JOURNAL
documenting
&
discovering joyful things
Why you should send thank-you notes and keep a gratitude journal
Did you know that regularly writing down your gratitude can make you a happier and healthier person, and make you more likely to exercise more, sleep better, and exercise kindness towards others?
Woah! I mean few of us would argue that gratitude is a more beneficial emotion than the lack of gratitude, but this takes things to a whole new level. A scientific level, if you will, because I'm quoting the findings of Robert A Emmons and Michael E McCullough, published in the Journal of Personality and Social Psychology (vol.84, no.2).
Their study, called "Counting Blessings Versus Burdens: An Experimental Investigation of Gratitude and Subjective Well-Being in Daily Life" is a fascinating read.
Essentially Emmons and McCullough conducted three separate studies on "gratitude," randomly dividing the groups of people in each study into a further three different "conditions." They then asked them to a) document their feelings or experiences relating to these conditions, and b) provide some general "wellbeing rating" information about their health, exercise, sleep, moods etc.
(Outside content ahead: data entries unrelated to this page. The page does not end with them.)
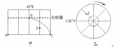 28.在甲、乙两图中,AC为赤道,BC为晨昏线的一部分,B点的地方时比A点的早,此时D点的地方时为15时,据此读图完成下列要求。(14分)
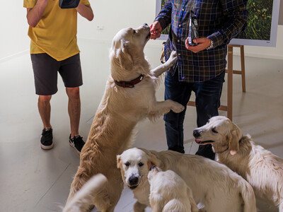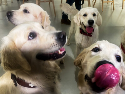 V pátek jsme v galerii Czech Photo slavnostně pokřtili novou knihu ze života zlatých retrívrů "Štěňata na prázdninách". Knihu pokřtili autoři: text - Veronika Souralova, fotografie - Dan Materna, ilustrace - Andrea Mišoňová, grafická úprava - Petr Kryštůfek, zlatí retrívři Amy, Matylda, Líla, Bella, Hailey, Bailey, Bernie, Bresson, Albert a štěně bavorského barváře Bella.
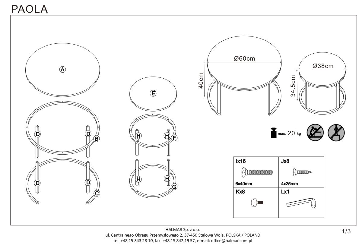 Set dvaju klubskih stolića Paola marke Halmar spaja eleganciju i funkcionalnost u suvremenom dizajnu, koji se lako uklapa u različite stilove unutarnjeg uređenja. Stolići se odlikuju kombinacijom površine u izgledu crnog mramora te metalnog okvira u srebrnoj boji, što stvara profinjen kontrast između topline dekora i hladnog sjaja metala. Ovaj set idealan je za dnevne sobe, predvorja ili moderne hotelske salone, gdje želimo postići dojam minimalističke profinjenosti.

Depending on the study, they recorded this information on either a daily or weekly basis.
Instructions for the "gratitude condition" group in each of the three studies were the same:
"There are many things in our lives, both large and small, that we might be grateful about. Think back over the past [week / day] and write down on the lines below up to five things in your life that you are grateful or thankful for."
And it seems from the results that the recording of gratitude, the forced mindfulness and physicality of writing it down, can have a profound impact on both health and happiness.
(What I like to think about is that as the participants were divided randomly, it is likely that the existence of "things to be grateful for" was more-or-less equal among all participants. And yet these wonderfully positive findings were significantly more pronounced only in the groups that were instructed to write their gratitude down.)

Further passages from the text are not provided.